We make tools that provide empirical data about intelligence capabilities which guide critical industry decisions about research, safety, and policy.
ARC Prize benchmarks are designed to measure AI progress, not to serve as a litmus test for AGI. ARC Prize tasks are not economically useful to target, instead they are a measure of AI capability. Our goal is to provide an objective assessment of model capabilities rather than influence model training through repeated, iterative testing.
We do this in three ways:
Providing open source datasets (ARC-AGI-1 and ARC-AGI-2) and software for benchmarking model capabilties.
Keeping an up-to-date leaderboard of state-of-the-art model performance on the ARC-AGI "Semi-Private" Evaluation dataset. This leaderboard has no limitations on internet access or compute, and is intended to test selected state-of-the-art models and clearbespoke solutions.

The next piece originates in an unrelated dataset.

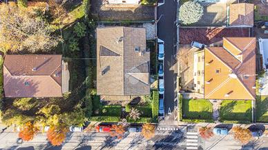 COSA SAPERE SULL'IMMOBILE: giardino ed area cortiliva circostante, piano seminterrato taverna mq. 115 oltre a garage. Piano terreno appartamento di mq. 130 oltre a due logge. Primo piano mq. 135 oltre a terrazzo e balcone. Piano mansardato di mq. 140.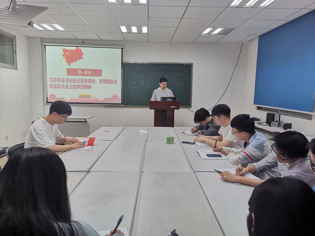 会议开始,刘瑜明同志带领支部党员重温入党誓词。黄开虎同志领学习近平总书记在北京冬奥会、冬残奥会总结表彰大会上的讲话精神,他谈到,习近平总书记用“胸怀大局、自信开放、迎难而上、追求卓越、共创未来”这20个字总结了北京冬奥精神,当看到这20字时,内心十分有感触,我们作为农业大学的研究生党员,要在科研上不断迎难而上,在生活中保持自信开放,一起牢记北京冬奥精神,不断追求卓越。他还结合习近平总书记给中国冰雪健儿的回信分享到,“人生能有几回搏”,在这个追梦者的时代,我们要志存高远,脚踏实地,为实现中华民族伟大复兴贡献力量。

Hosting an annual competition on an additional "Private" Evaluation dataset of ARC-AGI tasks for open-source models without bounded compute and no internet access.
ARC Prize accepts general-support donations from individuals, foundations, and AI labs. Donations, cash or in-kind (e.g., API/compute credits), have no influence over what we test, how we test, or when we publish. We do not withhold, edit, or delay testing results at any donor’s request, and we publish results on a standard cadence after evaluations are complete or the model is publicly released (see “Publication Timing” below). Our nonprofit mission and neutrality remain unchanged. Results are reproducible via the ARC-AGI Benchmarking repository.
A core design principle of ARC-AGI as an intelligence benchmark is that the test taker must not know what the test will be. Fluid intelligence cannot be hard-coded. To rigorously evaluate whether a system is truly learning and adapting - rather than merely recalling known solutions - it is essential that the Semi-Private and Private Evaluation ARC-AGI datasets remain secure. These hidden sets enable authoritative measurement of generalization and are critical for validating state-of-the-art claims without risk of overfitting to the training distribution.
For this reason, we are extremely selective about which submissions we choose to verify.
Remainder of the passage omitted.